Beginning at the line that holds "申请美国排名靠前的学校一定要", repeat every line through the last line of the material, exactly, and drop any pictures.

▶ _Given information_:
########

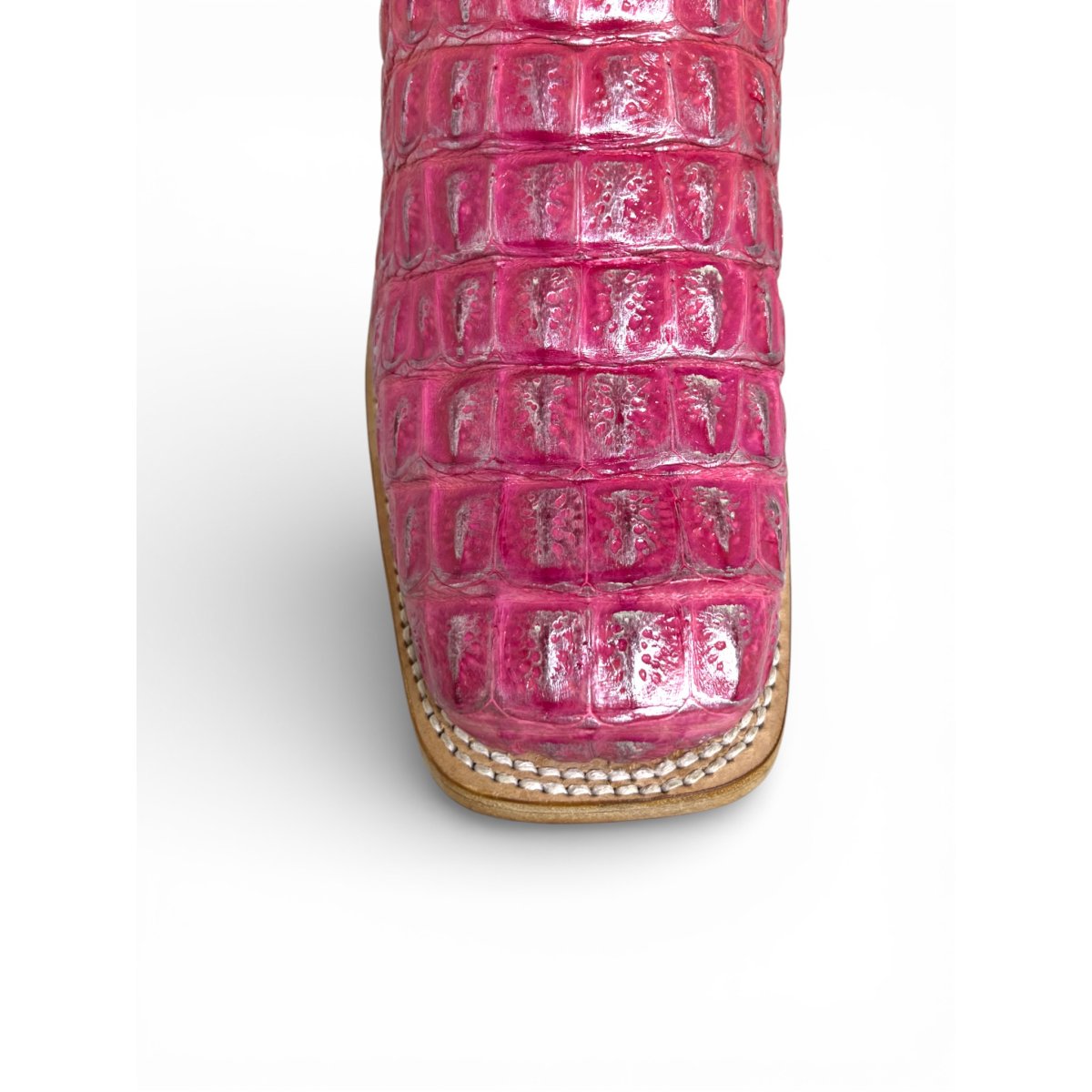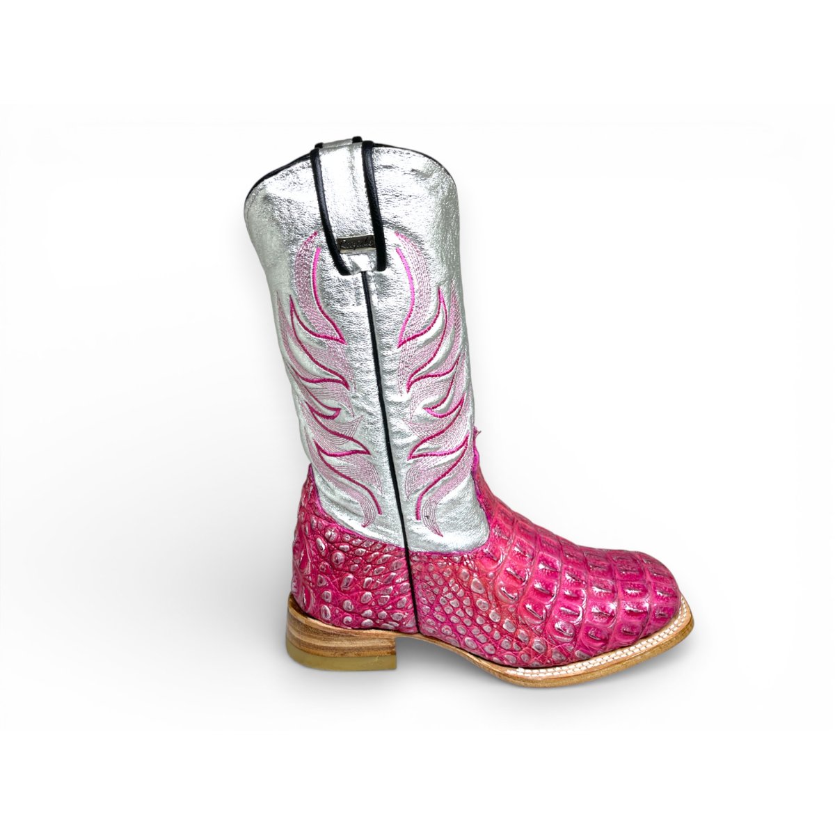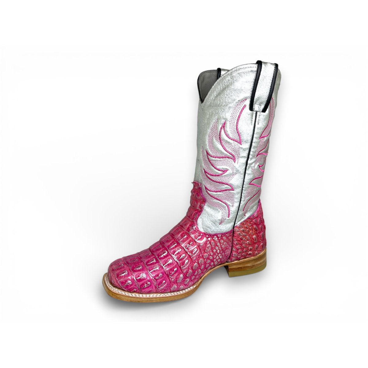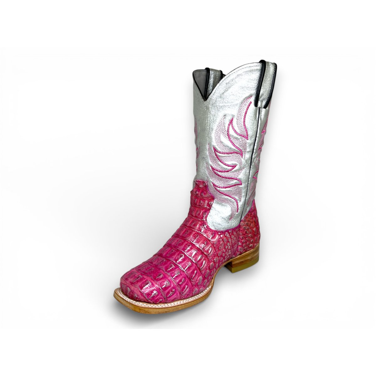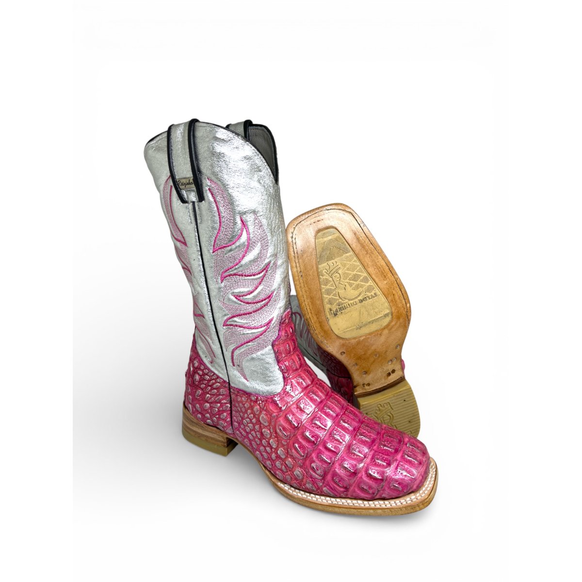 Bota Texana Reizinho Premium de Jacaré Silver Pink - Cano Alto, Bico Quadrado - Solado de Couro Artesanal Injetado | Reizinho Botas
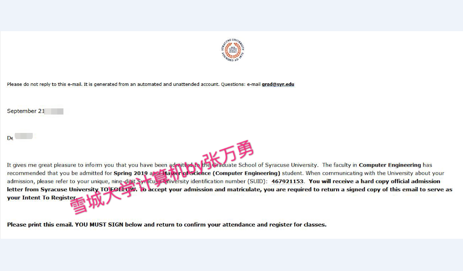申请美国排名靠前的学校一定要提前做好相关准备和规划,我们可以根据美国院校的要求去准备相关申请资料,去针对性提高美国大学所需要的相关资料,我们在整个办理过程中会随时提醒学生在不同的时间应该做好不同的材料准备,安排学生和我们文书老师进行头脑风暴,最终通过我们申请团队的努力以及学生和家长的积极配合终于获得了雪城大学计算机工程专业录取。
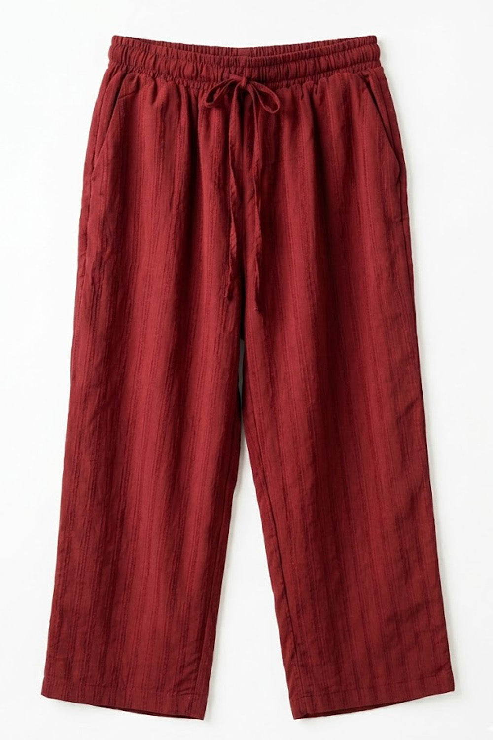 These are a pair of maroon wide-leg trousers featuring a relaxed fit, maroon hue with a subtle vertical textured stripe pattern woven into the fabric. The material appears lightweight and slightly lustrous, likely a rayon. A comfortable elasticated smocked waist with an integrated matching drawstring for an adjustable fit.

########

▶ _Problem solution_:
申请美国排名靠前的学校一定要提前做好相关准备和规划,我们可以根据美国院校的要求去准备相关申请资料,去针对性提高美国大学所需要的相关资料,我们在整个办理过程中会随时提醒学生在不同的时间应该做好不同的材料准备,安排学生和我们文书老师进行头脑风暴,最终通过我们申请团队的努力以及学生和家长的积极配合终于获得了雪城大学计算机工程专业录取。
 These are a pair of maroon wide-leg trousers featuring a relaxed fit, maroon hue with a subtle vertical textured stripe pattern woven into the fabric. The material appears lightweight and slightly lustrous, likely a rayon. A comfortable elasticated smocked waist with an integrated matching drawstring for an adjustable fit.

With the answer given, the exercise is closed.